The writer R A Fletcher in Travelling Palaces warns first class passengers against intruding on lower classes. He calls it,"...a shocking exhibition of bad manners and low inquisitiveness."

There's more on this in John Maxstone-Graham's The Only Way to Cross. The bad manners seem to have been commoner in the earlier years.

The movie is not worth worrying about. Rose and Jack did all sorts of things that passengers were not permitted to do. From the flying scene on the bow to the attempted suicide scene on the poop, reality is ignored for the sake of what is jokingly called a plot.
As far as what is called "the plot" is concerned, would you consider the "Annette Sturges and Gifford Rogers" of the 1953 "Titanic" movie to be more plausible than the "Rose Dewitt-Bukater and Jack Dawson" of the 1997 "Titanic" movie ?
Of course, these are all both purely fictional characters ; again just part of "the plot."
In the 1997 "Titanic" movie we are fairly certain that "Jack Dawson" was traveling in Steerage, or Third Class.
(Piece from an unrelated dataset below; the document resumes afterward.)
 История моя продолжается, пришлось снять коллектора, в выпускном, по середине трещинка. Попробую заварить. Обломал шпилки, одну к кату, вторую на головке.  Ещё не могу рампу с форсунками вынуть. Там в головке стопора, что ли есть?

But in the 1953 "Titanic" movie "Gifford Rogers" seems to be a member of the Tennis Team from Purdue University traveling together.
Would it be likely for them to be traveling in First Class ?
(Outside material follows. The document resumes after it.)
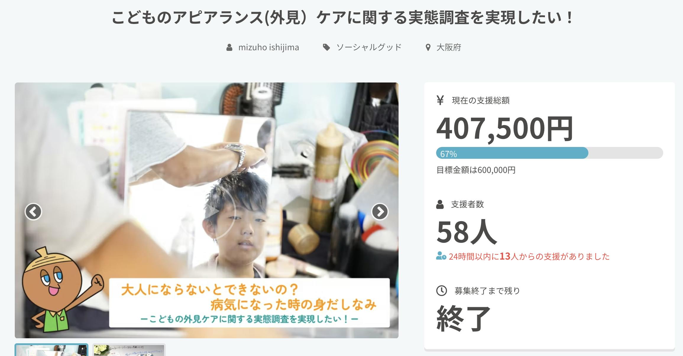 目標額には届きませんでしたが、58人の方に応援いただき40万円越えの支援金となりました。

They seem to be traveling together as a team, rather than with their familes ?
Also how "Gifford Rogers" was invited to join the party at The Captain's Table ?
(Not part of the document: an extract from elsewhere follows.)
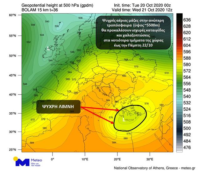 Οι χαμηλές θερμοκρασίες που θα επικρατήσουν από σήμερα έως και την Πέμπτη στα ανώτερα στρώματα της τροπόσφαιρας, οι οποίες στο χάρτη που ακολουθεί έχουν τη μορφή ψυχρής λίμνης, θα ευνοήσουν την εκδήλωση ισχυρών βροχοπτώσεων και καταιγίδων που κατά τόπους θα συνοδεύονται από χαλαζοπτώσεις, στα ανατολικά και κυρίως στα νότια ηπειρωτικά και θαλάσσια τμήματα της χώρας, αναφέρει η υπηρεσία meteo.gr του Εθνικού Αστεροσκοπείου.

Maybe "Julia Sturges" had something to with this arrangement ? "Richard Sturges" doesn't seem to think much of this "country bumpkin". LOL
Maybe nobody else has ever thought about this......but just something that came to my thoughts. LOL
Also just my thought but "Annette and Gifford" seems to me to be a better "social match" than "Rose and Jack". ....(He said rather snobbishly) ...... LOL
Incidentally the 1953 "Titanic" movie was my first exposure to "The Titanic Story."

Another movie "nit pick" and a bit off-topic at that, too. :-(
"Giff" says "I have to hurry to get my blue serge suit pressed."
Would Titanic have had a laundry or services for this ?
At least "Giff" had his own dress suit . LOL
"Jack" had to get some help from Mrs. J.J. Brown in the 1997 movie.
Of course I don't believe Titanic would have had a Tailor Shop for Richard to get his jacket and for .Norman to get his long pants ?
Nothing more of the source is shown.